Scott Fife
Photo courtesy the Tacoma Art Museum
“I like the physical nature of building the sculpture—it seems very old-fashioned and traditional. The idea of the material itself–it’s friendly, flexible, there’s a glow from in it. I’m the full-service artist—doing it all at the moment. I like the aspect of the low-tech tools that I need to make something like this. In the beginning [it was] an X-acto knife, masking tape and glue—now it’s the screw gun. So that hasn’t changed much at all—the directness of it, that I could begin to shape this, I can make this very plastic without any special process. There is that sense of one person building this thing—it becomes a “feat”—the whole thing isn’t about that but within the world we live in right now, it makes it a kind of tribal ritual piece; the fact that it was done by the human hand. [That] takes people back to the place in their life where they remember pasting things together [and so] understanding the process.”

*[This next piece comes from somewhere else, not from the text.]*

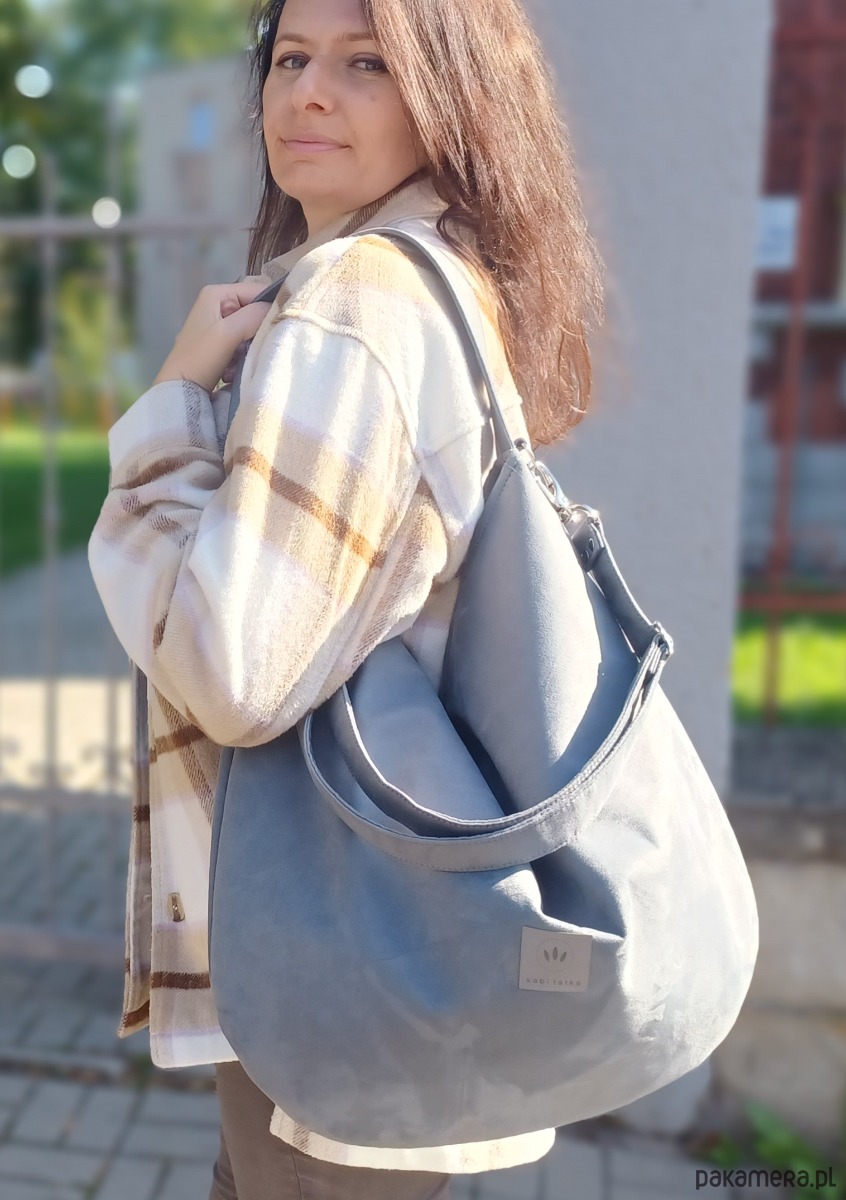 Zamszowa duża torba worek Szara

Scott has been exhibiting his sculptures and drawings since 1976 in galleries in Chicago, Seattle, Los Angeles and Vancouver, BC, and in museums including the Frye Museum (Seattle, WA), the Tacoma Art Museum (Tacoma, WA), the Boise Art Museum (Boise, ID), the Northwest Museum of Arts and Culture (Spokane, WA). The Missoula Art Museum (Missoula, MT) hosted a solo show of his work in the winter of 2010, and one of his sculptures was included in the Seattle Art Museum exhibition Kurt in the spring of 2010. The Tacoma Art Museum recently installed a bronze sculpture that the Museum commissioned Scott to create in cardboard which then was cast. Scott lives and works in Seattle.